Luckily, though, the small-town Atlanta magic kicked in. Walking around with no particular plans, I ran into an old drama camp counselor, three coworkers, a kid I went to college with, a half-dozen people from the theater, a man who never returned my text, a housemate’s friend, and a smattering of assorted sundry other folks. I didn’t know half of them were going to be there. In a town of folks dressed as fantasy characters, I still managed to be surrounded by people I knew.

When I’m at the grocery store it can feel claustrophobic. When I’m lost in a convention center full of tens of thousands of people? It’s reassuring.

Eventually, I did meet up with the folks I had actually intended to see while I was there. A con-experienced set of coworkers took me under their costumed wings, and I was escorted around to an improv show and various concerts.
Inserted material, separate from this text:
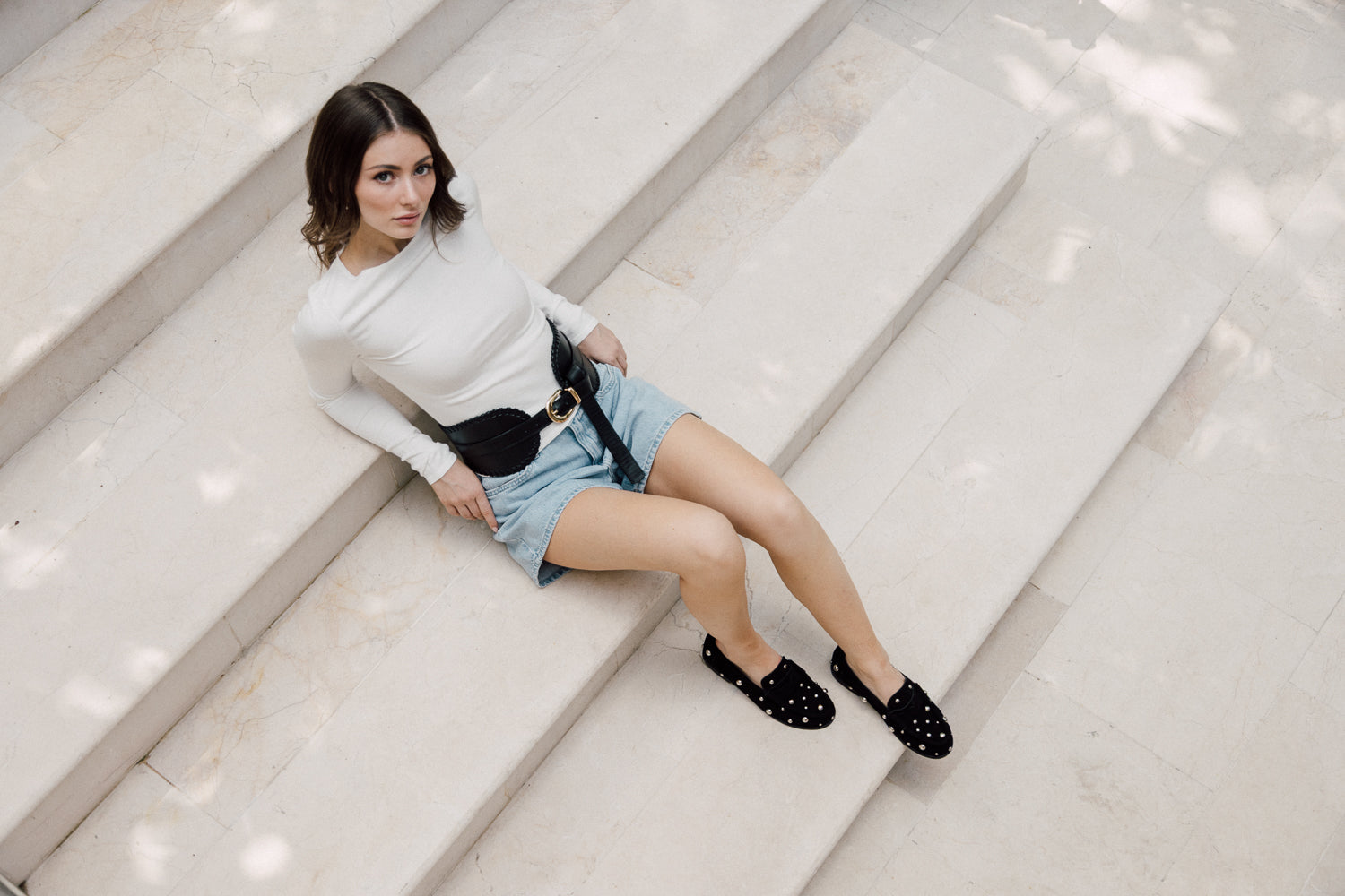 Mocasín en carnaza color negro. Accesorios plateados en acero inoxidable.

At one of the concerts, a bundle of drunk improvisors wandered in, which was delightful, and I was offered/told to drink flask-bourbon for the duration of a mid-level rock set by a man who didn’t remember any of it later. At the second concert, I saw a middle-aged man dressed as a pirate lead a few hundred people in a round of “Science Fiction Double Feature,” and I was unironically moved. I poured myself into a cab at two in the morning after having been at the convention for 16 hours.

I wandered to the book festival the next day, and drank strawberitas while dressed as Jane Austen, and ran into a different set of coworkers and former classmates and theater people. It was good, and I’m glad I went, and now I know what John Scalzi looks like. But I’m glad I dove into the Dragon Con madness, even if only briefly. Next year, maybe I’ll try the football thing.